Rechtspraak
Uitspraakdatum
02-12-2019
ECLI
ECLI:NL:TADRARL:2019:263
Zaaknummer
18-882
Inhoudsindicatie
Verzetbeslissing. De voorzitter in zijn beslissing bij de beoordeling de juiste maatstaf heeft toegepast en acht heeft geslagen op alle relevante omstandigheden van het geval. Verzet levert geen nieuwe gezichtspunten op. Verzet ongegrond.
Uitspraak
Beslissing van de Raad van Discipline in het ressort Arnhem-Leeuwarden van 2 december 2019
in de zaak 18-882
naar aanleiding van de klacht van:
klager
klaagster
tezamen ook: klagers
tegen
verweerster
1 VERLOOP VAN DE PROCEDURE
1.1 Bij brief van 6 januari 2018, aangevuld bij brieven van 21 maart 2018 en 4 juni 2018, hebben klagers bij de deken van de orde van advocaten in het arrondissement Gelderland (hierna: de deken) een klacht ingediend over verweerster.

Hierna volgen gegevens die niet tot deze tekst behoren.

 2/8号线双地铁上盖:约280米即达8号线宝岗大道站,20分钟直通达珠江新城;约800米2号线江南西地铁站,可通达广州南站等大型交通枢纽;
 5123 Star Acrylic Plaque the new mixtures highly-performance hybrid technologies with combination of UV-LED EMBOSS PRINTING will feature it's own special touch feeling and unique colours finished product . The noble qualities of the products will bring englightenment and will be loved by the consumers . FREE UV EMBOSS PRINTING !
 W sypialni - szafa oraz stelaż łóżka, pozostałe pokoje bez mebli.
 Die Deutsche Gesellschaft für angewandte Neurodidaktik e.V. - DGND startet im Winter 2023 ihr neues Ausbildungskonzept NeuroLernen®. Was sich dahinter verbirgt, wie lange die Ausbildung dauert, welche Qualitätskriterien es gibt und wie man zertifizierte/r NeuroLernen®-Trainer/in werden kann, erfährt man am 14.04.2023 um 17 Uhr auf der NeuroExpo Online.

1.2 Bij brief aan de raad van 7 november 2018 met kenmerk K 18/09, door de raad digitaal ontvangen op diezelfde datum, heeft de deken de klacht ter kennis van de raad gebracht.

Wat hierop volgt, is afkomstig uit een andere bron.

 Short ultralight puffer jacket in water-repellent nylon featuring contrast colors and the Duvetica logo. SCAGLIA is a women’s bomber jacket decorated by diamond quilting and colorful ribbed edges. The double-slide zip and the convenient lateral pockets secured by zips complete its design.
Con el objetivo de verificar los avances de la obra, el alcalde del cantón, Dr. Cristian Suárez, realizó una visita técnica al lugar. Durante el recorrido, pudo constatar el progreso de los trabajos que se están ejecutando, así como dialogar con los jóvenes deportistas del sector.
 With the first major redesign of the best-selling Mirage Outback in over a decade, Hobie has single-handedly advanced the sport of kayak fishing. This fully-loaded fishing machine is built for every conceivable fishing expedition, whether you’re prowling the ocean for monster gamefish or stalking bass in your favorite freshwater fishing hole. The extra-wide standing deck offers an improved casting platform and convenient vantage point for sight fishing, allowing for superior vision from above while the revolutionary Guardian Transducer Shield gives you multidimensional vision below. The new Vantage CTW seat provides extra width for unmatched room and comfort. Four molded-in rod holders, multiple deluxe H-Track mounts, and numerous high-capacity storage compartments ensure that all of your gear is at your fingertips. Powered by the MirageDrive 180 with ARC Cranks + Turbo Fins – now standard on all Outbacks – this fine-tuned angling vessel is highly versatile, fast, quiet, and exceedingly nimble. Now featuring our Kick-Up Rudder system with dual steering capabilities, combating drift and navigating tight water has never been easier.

1.3 Bij beslissing van 25 februari 2019 heeft de plaatsvervangend voorzitter van de raad (hierna: de voorzitter) de klacht kennelijk ongegrond verklaard. Deze beslissing is op
25 februari 2019 verzonden aan klagers.
1.4 Bij brief van 23 maart 2019, door de raad ontvangen op 26 maart 2019, hebben klagers verzet ingesteld tegen de beslissing van de voorzitter.
1.5 Het verzet is behandeld ter zitting van de raad van 7 oktober 2019 in aanwezigheid van klagers en verweerster.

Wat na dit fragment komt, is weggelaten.